The paper is available on arXiv, an open access repository for math and computer science papers. Ohrimenko, who now works at Microsoft Research, co-authored the work with Roberto Tamassia and Eli Upfal, professors of computer science at Brown, and Michael Goodrich from the University of California–Irvine.
Cloud computing is increasing in popularity as more individuals use services like Google Drive and more companies outsource their data to companies like Amazon Web Services. As the amount of data on the cloud grows, so do concerns about keeping it secure. Most cloud service providers encrypt the data they store. Larger companies generally encrypt their own data before sending it to the cloud to protect it not only from hackers but also to keep cloud providers themselves from snooping around in it.

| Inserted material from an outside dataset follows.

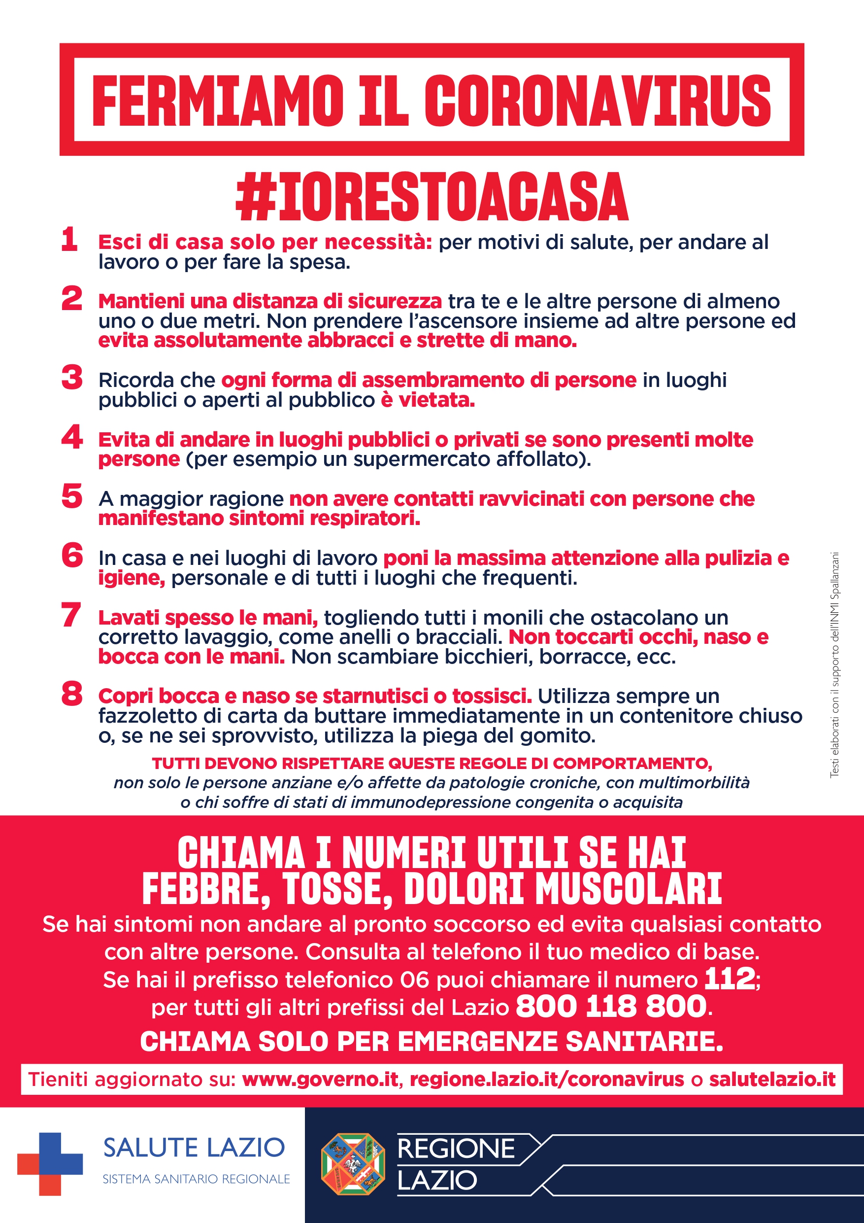 Sul sito dell Regione Lazio (clicca qui)  si trovano info e aggiornamenti, nonché materiali social da condividere per diffondere il messaggio più importante: #iorestoacasa.

But while encryption renders data files unreadable, it can't hide patterns of data access. Those patterns can be a serious security issue. For example, a service provider — or someone eavesdropping on that provider — might be able to figure out that after accessing files at certain locations on the cloud server, a company tends to come out with a negative earnings report the following week. Eavesdroppers may have no idea what's in those particular files, but they know that it's correlated to negative earnings.
But that's not the only potential security issue.
"The pattern of accessing data could give away some information about what kind of computation we're performing or what kind of program we're running on the data," said Tamassia, chair of the Department of Computer Science.
Some programs have very particular ways in which they access data. By observing those patterns, someone might be able to deduce, for example, that a company seems to be running a program that processes bankruptcy proceedings.
The Melbourne Shuffle aims to hide those patterns by shuffling the location of data on cloud servers. Ohrimenko named it after a dance that originated in Australia, where she did her undergraduate work.
"The contribution of our paper is specifically a novel data shuffling method that is provably secure and computationally more efficient than previous methods," Ohrimenko said.
It works by pulling small chunks of data down from the cloud and placing them in a user's local memory. Once the data is out of view of the server's prying eyes, it's rearranged — shuffled like a deck of cards — and then sent back to the cloud server. By doing this over and over with new blocks of data, the entirety of the data on the cloud is eventually shuffled.
The result is that data accessed in one spot today, may be in a different spot tomorrow. So even when a user accesses the same data over and over, that access pattern looks to the server or an eavesdropper to be essentially random.
"What we do is we obfuscate the access pattern," Tamassia said. "It becomes unfeasible for the cloud provider to figure out what the user is doing."
The researchers envision deploying their shuffle algorithm through a software application or a hardware device that users keep at their location. It could also be deployed in the form of a tamper-proof chip controlled by the user and installed at the data center of the cloud provider.
However it's deployed, the approach has the promise of lowering the cost of strong data security in an increasingly cloudy computer world.